(Beginning of Data provided)

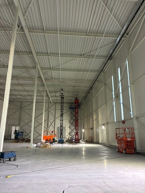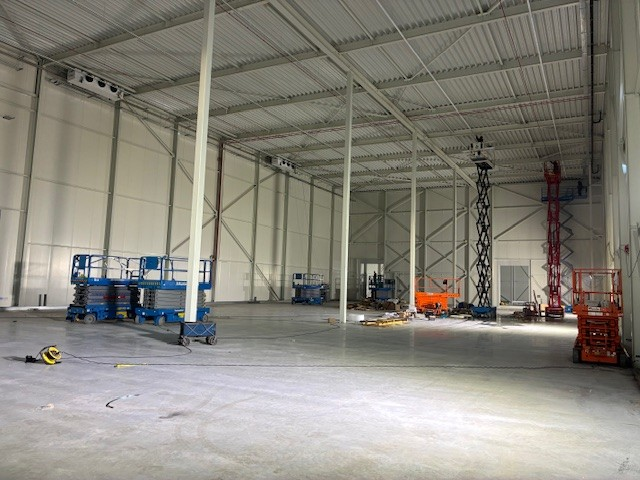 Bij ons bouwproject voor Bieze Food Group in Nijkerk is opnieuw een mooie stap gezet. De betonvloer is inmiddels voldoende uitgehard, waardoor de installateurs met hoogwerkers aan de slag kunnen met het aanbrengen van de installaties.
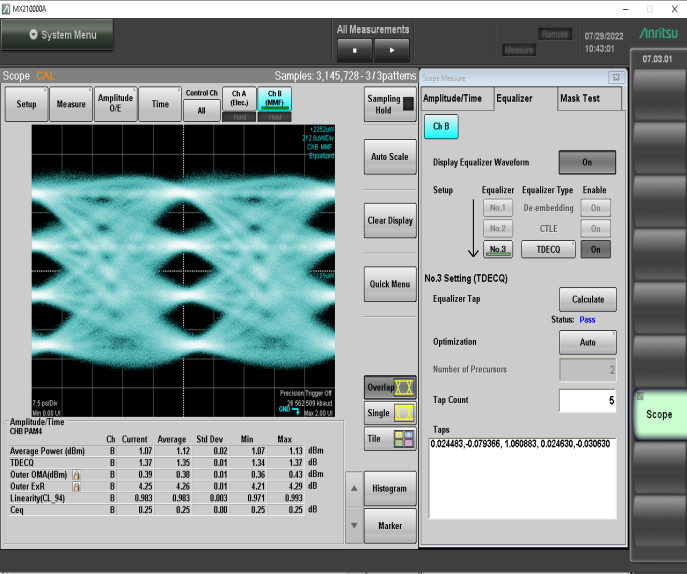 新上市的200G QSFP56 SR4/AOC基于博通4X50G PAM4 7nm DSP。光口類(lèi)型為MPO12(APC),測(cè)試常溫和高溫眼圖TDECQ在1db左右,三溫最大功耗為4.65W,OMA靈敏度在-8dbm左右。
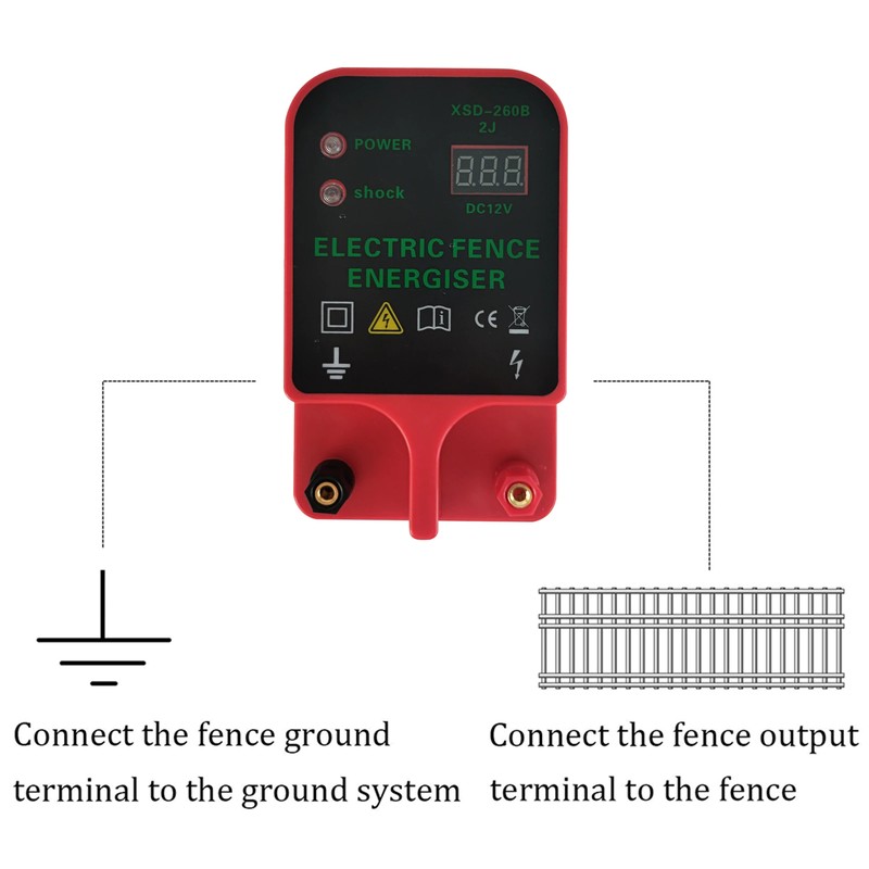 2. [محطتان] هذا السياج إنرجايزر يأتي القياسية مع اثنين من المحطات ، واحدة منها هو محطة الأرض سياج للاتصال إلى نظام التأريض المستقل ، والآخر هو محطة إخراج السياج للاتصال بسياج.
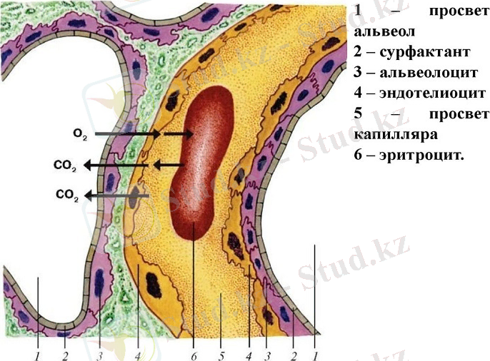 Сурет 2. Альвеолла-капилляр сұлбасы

(End of Data provided)

▸ Exercise description:
The whole listing must be restated word for word. Leave out any pictures.

▸ Task response:
 Bij ons bouwproject voor Bieze Food Group in Nijkerk is opnieuw een mooie stap gezet. De betonvloer is inmiddels voldoende uitgehard, waardoor de installateurs met hoogwerkers aan de slag kunnen met het aanbrengen van de installaties.
 新上市的200G QSFP56 SR4/AOC基于博通4X50G PAM4 7nm DSP。光口類(lèi)型為MPO12(APC),測(cè)試常溫和高溫眼圖TDECQ在1db左右,三溫最大功耗為4.65W,OMA靈敏度在-8dbm左右。
 2. [محطتان] هذا السياج إنرجايزر يأتي القياسية مع اثنين من المحطات ، واحدة منها هو محطة الأرض سياج للاتصال إلى نظام التأريض المستقل ، والآخر هو محطة إخراج السياج للاتصال بسياج.
 Сурет 2. Альвеолла-капилляр сұлбасы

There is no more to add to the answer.